Décor is important. In order to define yourself, you need to identify yourself, not just with your name, but also with your lifestyle, the visible signs of which are the things with which you surround yourself. If you are able to own décor, or come up with some form of embellishment to the environment in which you regularly find yourself, it means that you are a bit more than an anonymous slave
In other words, décor is a symbol of certain aspects that indicate a civilised society, or a society headed in that direction: permanent shelter, the right to personal identity and some form of economic ability either to buy the stuff or in the form of enough free time to create or make the goodies.
Once the hurdles of economics and basic human rights are crossed, personal identity becomes  important.  

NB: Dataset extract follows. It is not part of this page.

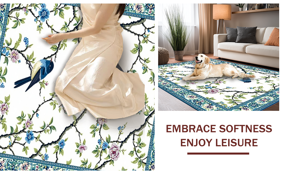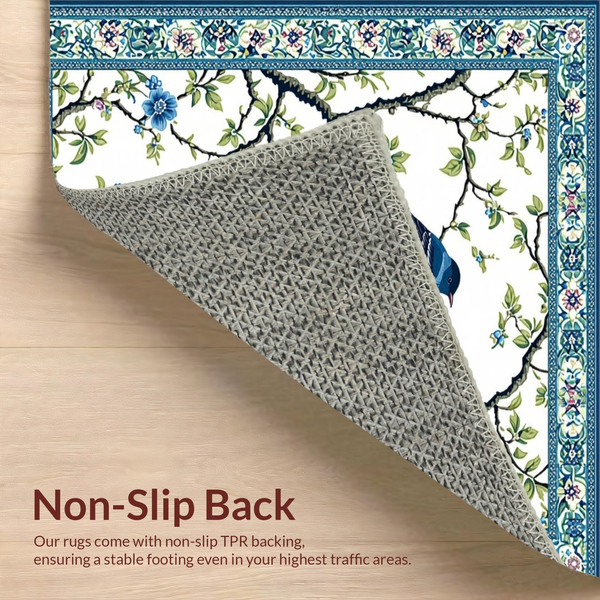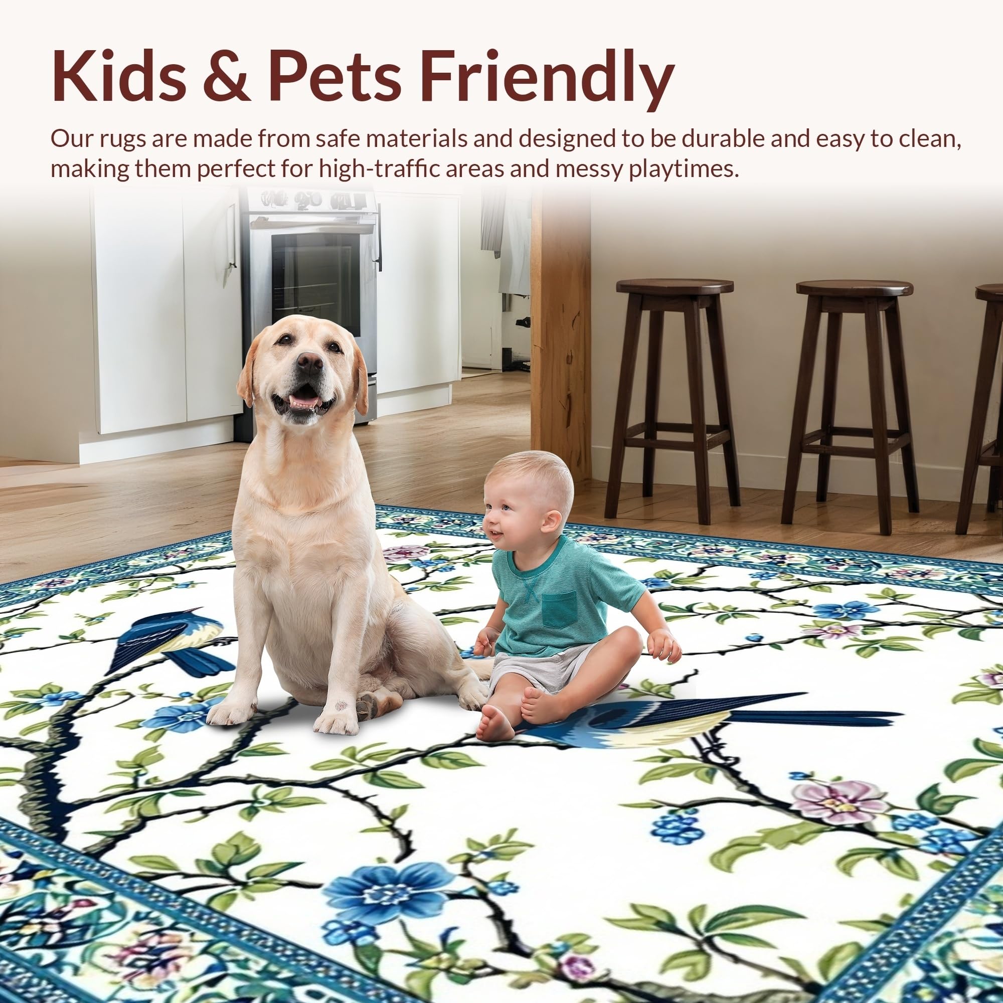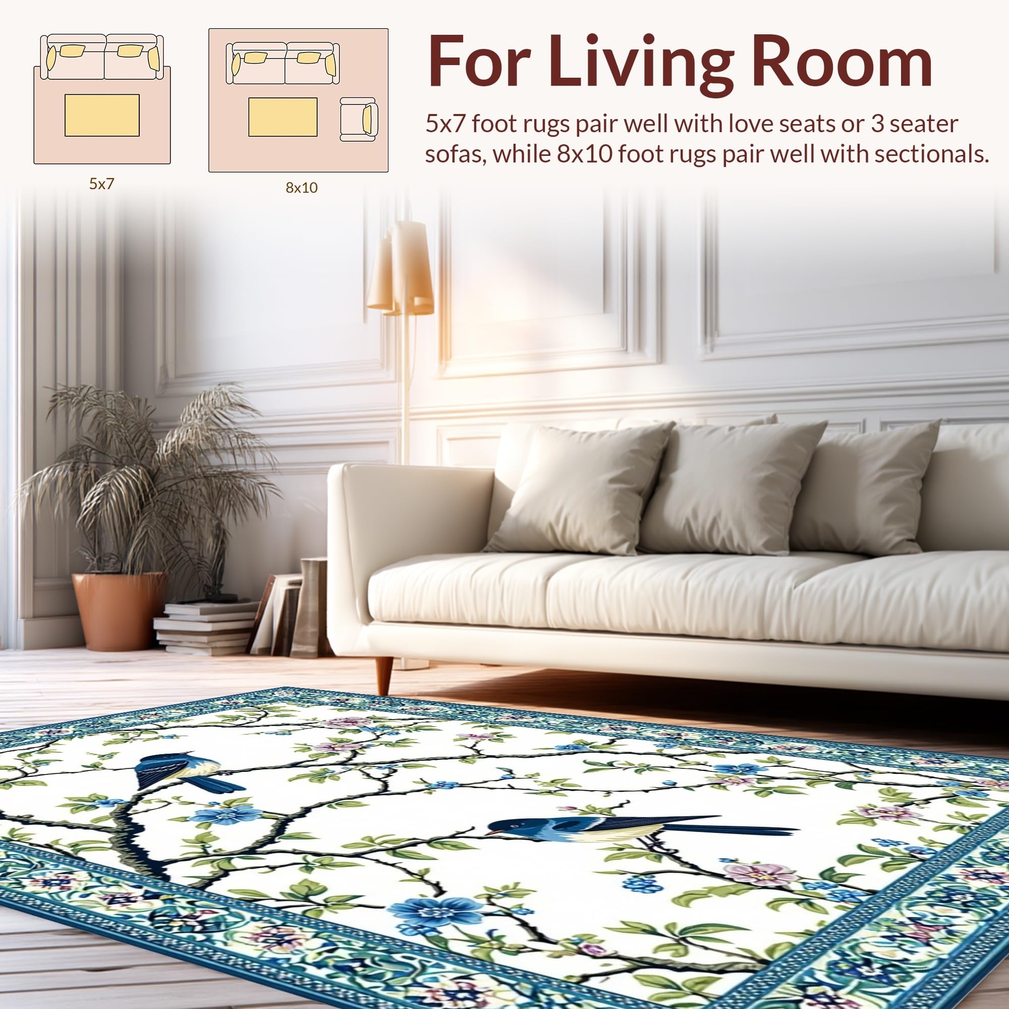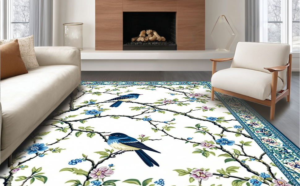 Ultra Soft Area Rug, Non Slip, Stain Resistant, Washable Area Rugs for Living Room, Bedroom, Bright Cheerful Rustic Nesting Elements(White) Overview:

Here’s the interesting thing. In totalitarian countries, the embellishment is normally officially approved and quite uniform: pictures of the main man, resolute soldiers or state approved scenes of happy peasants in abundant fields of whatever food it is the nation lacks. Deviation from the party line is unwelcome, and probably leads to even less appealing décor in a re-education camp or gulag.
Something similar happens in large organisations and governments. A photo of a CEO or the political leader of the day establishes allegiance, or else. In fact, in many governments, replacement of the photo of the leader is a smooth and practised operation.
In situations where uniformity is an absolute requirement, décor is as much an expression of this uniformity as is the ability to spout the slogans of the day.
What does this say about wall stickers with neutral expressions or subject matter which will not cause any remark, other than a nice comment about the size of the wall on which the sticker is applied from friends, or a mutter about North Korea from stray graphic artists?
What I think it will become, as a logical competitor to praying hands, is an expression of a different kind of uniformity, social uniformity. Like the praying hands piece, a bland sticker, not so different from one hundred other stickers, marks the household as ascribing to certain values which are in synch with other like-minded households. Taking it a step further, in the absence of enforced orthodoxy, we seek out the orthodoxy of society.
It’s a sorry state of affairs, and worrying, when safety in orthodoxy is a requirement. Forget the democratic process. What the world needs is low-cost interior decorators.